The treatment of subterranean formations penetrated by a well bore to stimulate the production of hydrocarbons therefrom or the ability of the formation to accept injected fluids has long been known in the art. One of the most common methods of increasing productivity of a hydrocarbon-bearing formation is to subject the formation to a fracturing treatment. This treatment is effected by injecting a liquid, gas or two-phase fluid, generally referred to as a fracturing fluid, down the well bore at sufficient pressure and flow rate to fracture the subterranean formation. A proppant material such as sand, fine gravel, sintered bauxite, glass beads or the like can be introduced into the fracture to prop the fracture open once the treatment has stopped. The propped fracture provides larger flow channels through which an increased quantity of a hydrocarbon can flow, thereby increasing the productive capability of a well.
Traditional fracturing techniques utilize water or oil-based fluids to fracture a hydrocarbon-bearing formation. Recently, fracturing techniques utilizing fluids comprising carbon dioxide and/or nitrogen have been developed. U.S. Pat. No. Re 32,302, by Almond et al., discusses a method of fracturing a subterranean formation with a stabilized foamed fracturing fluid comprising from about 50 percent to in excess of about 96 percent by volume of carbon dioxide with the remainder comprising an aqueous liquid and a selected surfactant. A foam is formed in situ by injection of a stabilized liquid-liquid emulsion containing liquid carbon dioxide into a well bore penetrating the formation. The temperature and pressure of the emulsion is controlled to maintain the carbon dioxide in the liquid phase during injection into the well bore. Thereafter, the carbon dioxide is heated by the subterranean formation to a temperature above about 88° F. at which time the stabilized emulsion spontaneously forms a stabilized foam.
U.S. Pat. No. 5,069,283, by Mack, describes a hydraulic fracturing process in which substantial quantities of both nitrogen and carbon dioxide are incorporated into the fracturing fluid. Nitrogen and carbon dioxide are separately incorporated into an aqueous based fracturing fluid in amounts to provide a volume ratio of nitrogen to carbon dioxide at wellhead conditions within the range of about 0.2–1.0. The volume ratio of the total of carbon dioxide and nitrogen to the aqueous phase of the aqueous fracturing fluid at wellhead conditions is within the range of about 1–4. The aqueous fracturing fluid containing the nitrogen and carbon dioxide is injected in the well under a pressure sufficient to implement hydraulic fracturing of the subterranean formation undergoing treatment. A thickening agent may be incorporated into water to provide a viscous aqueous based fracturing fluid to which the carbon dioxide and nitrogen are added. The carbon dioxide is incorporated in liquid phase and the nitrogen in gaseous phase. Propping agent is incorporated into at least a portion of the fracturing fluid. Addition of the propping agent takes place prior to addition of the carbon dioxide and nitrogen.
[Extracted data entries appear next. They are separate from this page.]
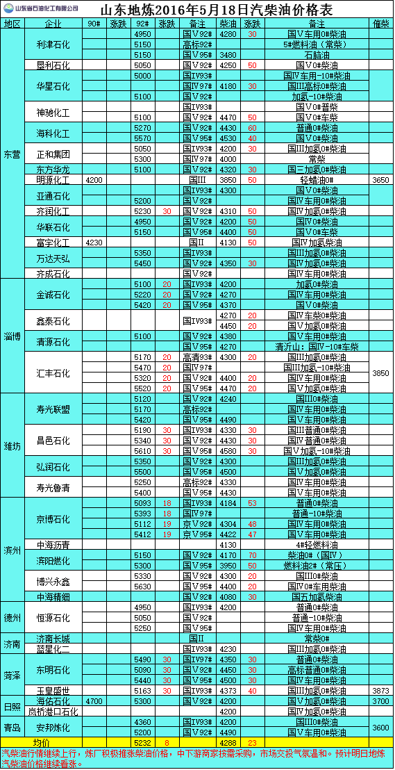2016年5月18日山東地?zé)捚裼蛢r(jià)格表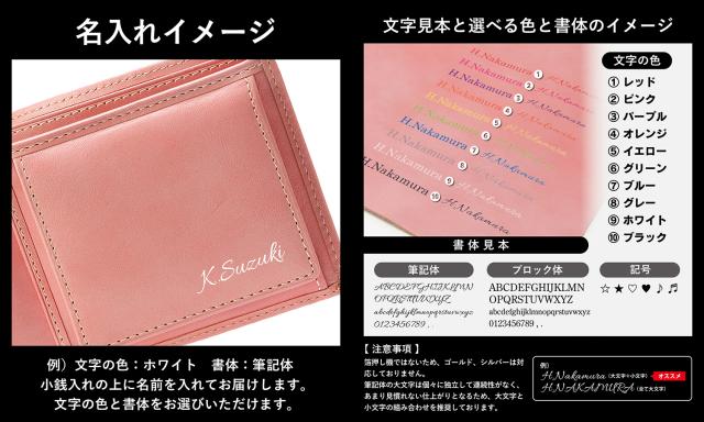 ●内側小銭入れフラップ上に名前を入れてお届けします。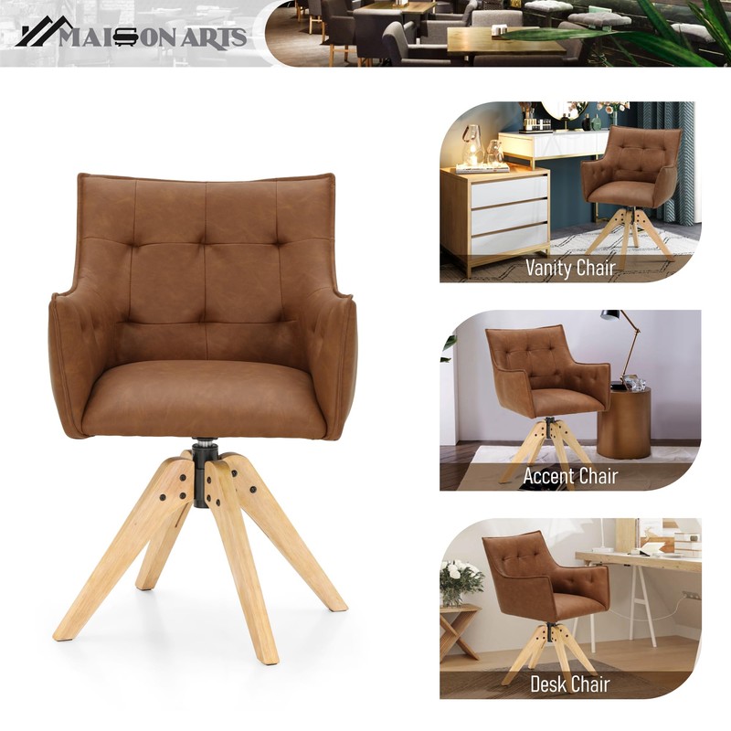 MAISON ARTS Swivel Accent Desk Chair Set of 2, Mid Century Modern Armchair Vanity Chair with Wood Legs for Small Spaces Home Office Living Room Bedroom, Brown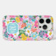 Customise this gorgeous modern colourful flower garden of flowers in pink, blue, orange, yellow and white iPhone 15 pro case with your your initials in a modern CAP font in white on blue. It's so vibrant and happy!

U.S. Pat. No. 5,566,760, by Harris, describes an aqueous foamed fracturing fluid composition and method for using the foamed fracturing fluid for fracturing subterranean formations wherein the foamed fracturing fluid comprises: (a) a viscosifier that is preferably either hydrophobically modified guar or hydrophobically modified hydroxymethylcellulose; (b) a surfactant that is preferably alpha olefin sulfonate; and (c) a gas phase that includes either nitrogen or carbon dioxide.
A deficiency in the present state of the art is that it is difficult to remove foamed fluids from the formation and from the well bore. One problem is that the foamed fluid tends to carry proppant material back out of the formation as the fluid is removed from the formation. The foamed fluid also causes problems in the flow-back tanks used to contain the recovered fluid. It is therefore common to use “breakers” to attempt to destroy the foam before recovering the fracturing fluid. Problems exist with using breakers, however. For example, breaker fluids themselves contain chemical emulsifiers, which have foaming tendencies. Therefore, a need exists in the art for methods of “breaking” foamed fracturing fluids so that they can be recovered from subterranean formations and well bores.